* _TASK DIRECTIONS_:
Could you retype the lines below, starting at the line holding "Wax on wood." and stopping at the line holding "POLTEN.CO.ID – Dandim", inclusive? Copy them exactly and drop the images.

* _RECORD EXTRACTS_:
——————————

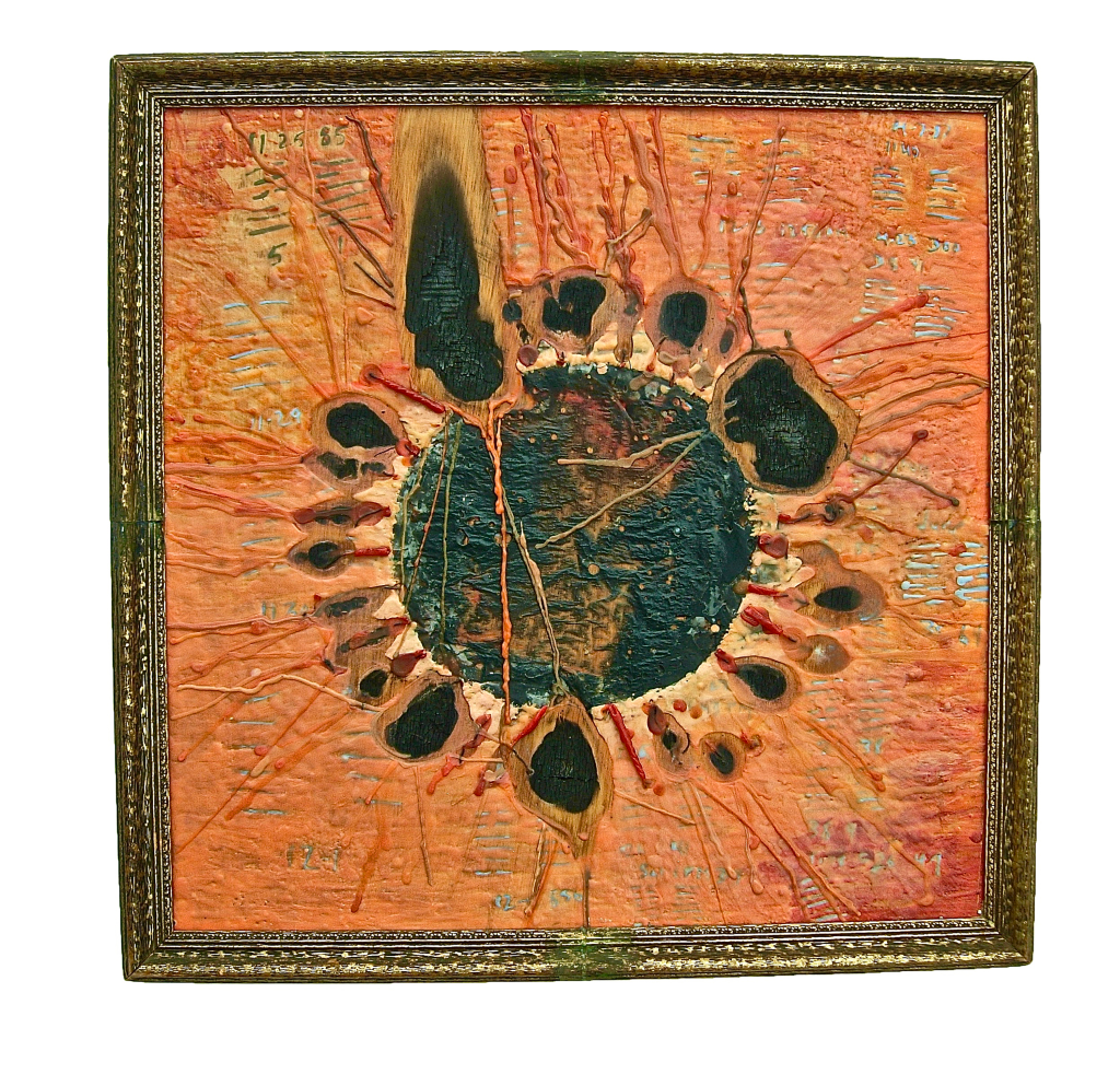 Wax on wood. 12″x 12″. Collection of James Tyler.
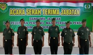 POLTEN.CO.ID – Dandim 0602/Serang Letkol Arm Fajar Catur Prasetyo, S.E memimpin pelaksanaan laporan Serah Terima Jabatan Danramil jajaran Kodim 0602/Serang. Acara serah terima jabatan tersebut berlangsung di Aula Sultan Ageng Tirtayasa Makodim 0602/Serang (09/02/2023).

——————————

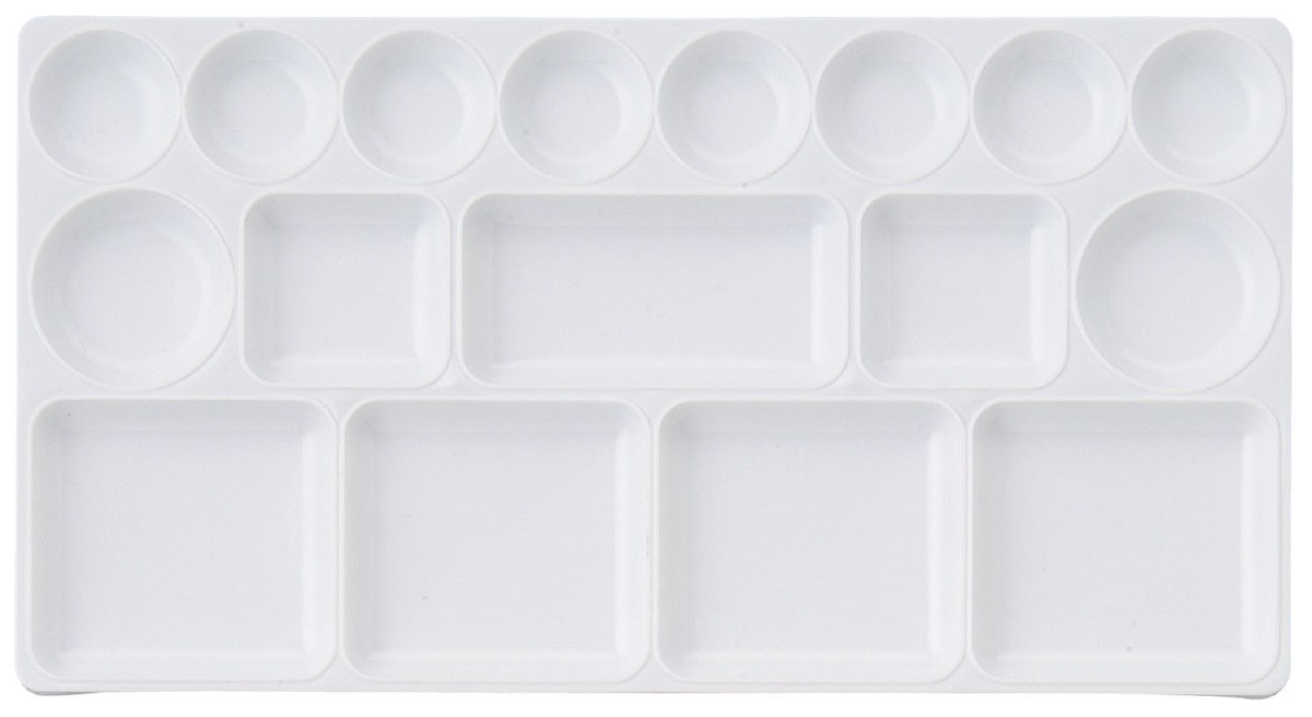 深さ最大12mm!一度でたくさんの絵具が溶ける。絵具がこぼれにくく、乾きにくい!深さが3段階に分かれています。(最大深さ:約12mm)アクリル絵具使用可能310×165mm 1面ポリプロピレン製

——————————

* _TASK RESPONSE_:
 Wax on wood. 12″x 12″. Collection of James Tyler.
 POLTEN.CO.ID – Dandim 0602/Serang Letkol Arm Fajar Catur Prasetyo, S.E memimpin pelaksanaan laporan Serah Terima Jabatan Danramil jajaran Kodim 0602/Serang. Acara serah terima jabatan tersebut berlangsung di Aula Sultan Ageng Tirtayasa Makodim 0602/Serang (09/02/2023).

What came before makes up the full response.